Sheep laurel grows dense along the boggy shore, bright with magenta blooms. Turqoise pond damsels dance along the edge between water and land. I nose my boat between two hummocks to get a closer look at a pair of alien-shaped pitcher plant flowers and notice a small pink blossom, then another and another and another. Calopogon orchids have come into bloom in the last two days.

I take photos and make a few quick sketches, but all too soon duty calls me back across the pond. I paddle straight and steady, the breeze now at my back, my abdominal muscles remembering that they once had structure. I lift the boat out of the water and onto the car, cinching it down tight, and drive home with the wind blowing through my hair.

This post went out last week to subscribers of my newsletter, along with some bonus material. You can subscribe here.

Friday, September 14, 2018

Seah Kayaking and Nature Journaling

The very first thing I did the first time I came to Maine was go on a five-day sea kayaking trip. I went on another a year later and took kayaks out for shorter adventures during my two years in college on the coast. I bought a used ("tupperware") boat many long years ago, but only had it out on the ocean once or twice before I had kids and my kayak became a dust- and spider-collecter. I've gone out sea kayaking maybe twice since we had kids (one of those trips is chronicled here). And I didn't know how much I missed paddling, that salty film on my skin, even lugging heavy boats over mudflats.



Then I had the great good fortune to have been invited to teach a nature journaling workshop for Northstar Adventures and I spent last Saturday paddling with a small group of people in beautiful Penobscot Bay, from Castine Harbor to a pair of islands in Brooksville.

There we explored the shore, did a variety of writing and drawing exercises, and ate a delicious lunch (some of our group even took a swim in the cold water).



It was a pretty divine day and I was so happy to be back out on salt water (and wondering why the hell we live in Maine but inland). With each workshop, freelance gig, and piece of writing sold, I feel one tiny step closer to my career goals (which I once articulated as, "Go canoeing and write about it.") Yet, as we speak, I'm sending out resumes, because the demands of three teenage kids (all of whom have stomachs, feet, and teeth, three expensive body parts), a house whose appliances and fixtures are all exactly 16 years old and therefore all meeting their demise at once, and two 20+-year-old cars mean that the necessity for "real job" is becoming unavoidable. Which means that going canoeing and writing about it will once again become a weekend/evening/lunchbreak/interstitial pursuit. I won't say I'm not sad about that.

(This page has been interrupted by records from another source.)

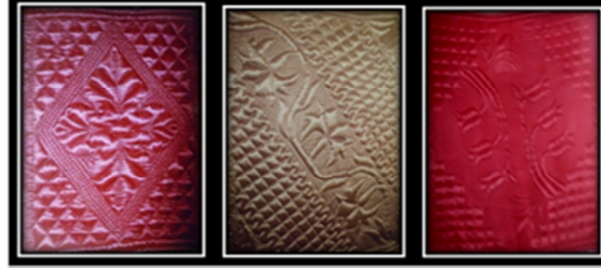
a: Çerçeveli gül

altılı yıldız vb. şekiller kullanılmaktadır. Bunun yanı sıra Kemerhisar yorgancılığında; salyangoz, kuş ve tavus kuşu gibi figürlü desenler ile mekik çarkifelek, yelpaze, “s” kıvrım, deniz dalgası, badem şekeri, güneş, fiyonk gibi nesneli desenlerin yer aldığı örnekler de görülmektedir. Ancak belirtilen bu desenlerin birçoğunun günümüzde uygulaması ya azalmış ya da tamamen bitmiştir. Genelde daha çok geometrik desenli yorganlar diktirilmektedir.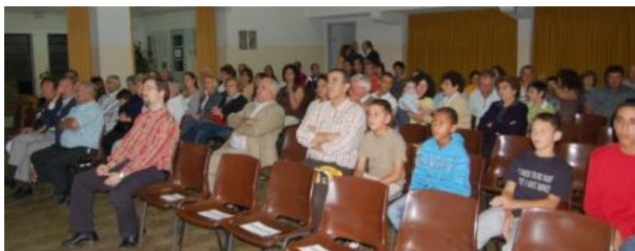
Sala cheia na sessão solene, comemorativa dos 73 anos do Mem Martins Sport Clube

“Os 22 mil dirigentes voluntário no país, têm um papel muito importante para o desenvolviment o da sociedade”, apelando à Assembleia da República, a necessidade da “criação de legislação que permita criar condições para o desenvolvimento desportivo e cultural das associações no país”.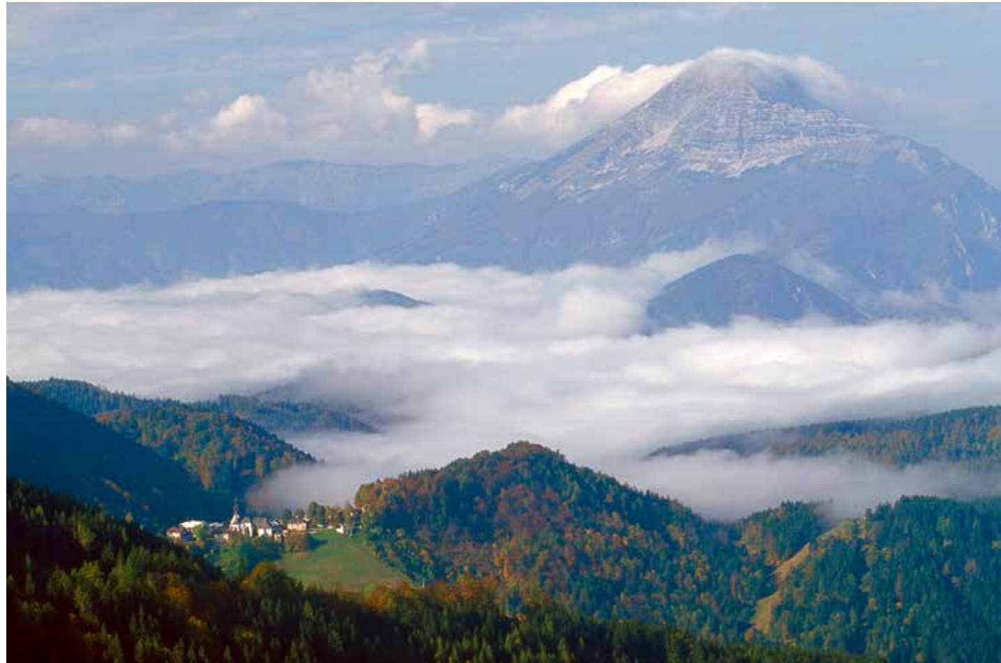
Annaberg und der Ötscher – eine enge Beziehung

Seite 12/13: Blick aus der Pfarrkirche zum Ötscher, um 1930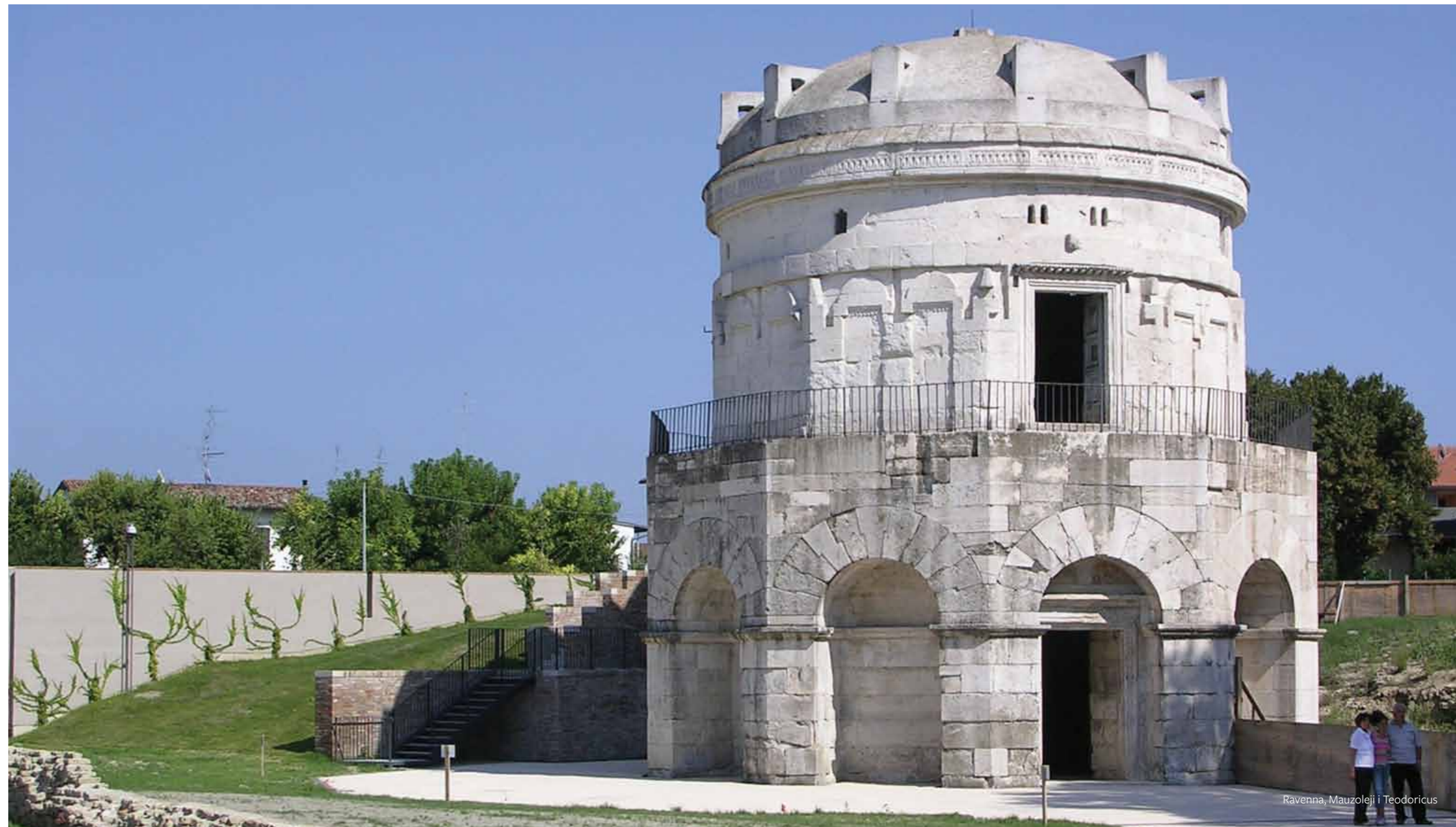
Ravenna, Mauzoleji i Teodoricus

Ravenna është shpallur nga UNESCO si lokalitet i trashëgimise boterore kur ne vitin 1996 tet permendore nga shekulli 5 dhe 6 jane shtuar ne regjistrin e UNESCO-s si trashëgimi boterore( World Heritage List). Permendoret e kristijanizmit te hershem te Ravennes konsiderohen si pasuri boterore nga aresyet e shenuara me posht: „Lokalitetet kane nje vlere jashtzakonisht univerzale per shkak te shkathetise kulmore te artit mozaik ne keto permendore si dhe nga deshmija per artin dhe lidhjet fetare dhe kontaktet ne kohen shume te rendesishme te historise kulturore Europijane“.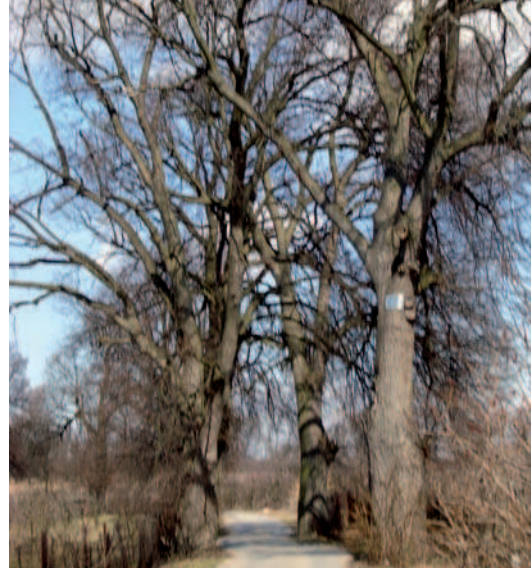
Ryc. 18. Zachowany fragment alei kasztanowców między kościołem a cmentarzem w Trójcy, woj. świętokrzyskie (2011)

Fig. 20. The appearance of the road shoulder Lublin-Łęczna after the modernization, lubelskie voivodeship (2006)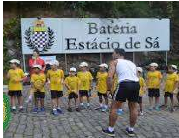
Crianças participando das atividades da Colônia de Férias de 2019.

Grata foi a satisfação de ver esses pequenos “colonins” correndo, brincando e divertindo-se em mais uma Colônia de Férias da Escola de Educação Física do Exército, quartel de nosso Exército Brasileiro, onde estimula-se o gosto pela atividade física, espírito desportivo, noções de civismo. Em breve estarão abertas as inscrições para a Colônia de Férias 2020.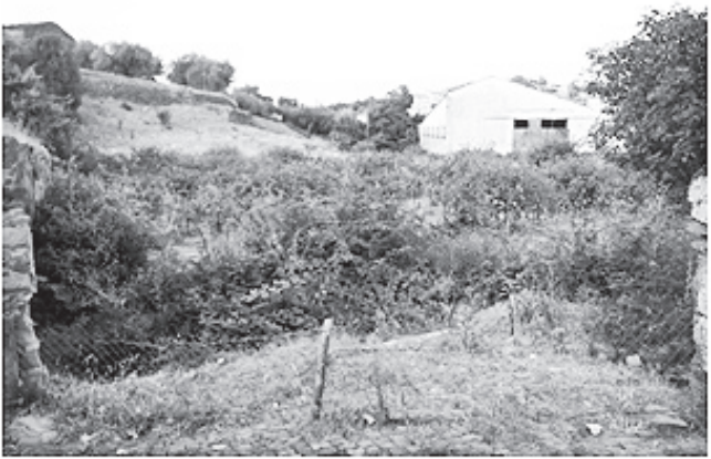
Em meados de Julho a "sala de visitas de Cebolais" está assim!

But in the meantime, if you want to join me for a THREE DAY!!! nature journaling workshop, I'll be teaching at Little Lyford Lodge in the Greenville area for the Appalachian Mountain Club. See here for details.

Tuesday, August 23, 2011

For my birthday, Saturday, we traded our kids for these:


Two kayaks and the open ocean.

This little rock became our home for the night.


It was not glamping, by any stretch of the imagination (I even forgot my camping bunting). We ate cup-o-soup


and oatmeal



and scrunched into our old two-man tent (and good thing, too, as the one flat spot of sand was just barely big enough for our footprint).


It was a short enough paddle, so we had the whole afternoon to just relax and explore. Do you know how rare it is to have hours and hours with nothing to do? I bet you do. We visited the neighboring island, circumambulated our own, swam, napped. I drew and wrote in my nature journal, and, because I adore Melissa's little nature-inspired embroideries over at Tiny Happy, I free-handed a little picture of our island:


And now I'll be sure to take embroidery supplies every time I go camping. And I won't forgo certain natural colors (I'd only taken blues, grays, greens and browns, due to my preconceived vision of what I would see).






On Sunday, we took our own sweet time packing up, then paddled out to visit some other islands before letting the wind and the waves drift us back toward home.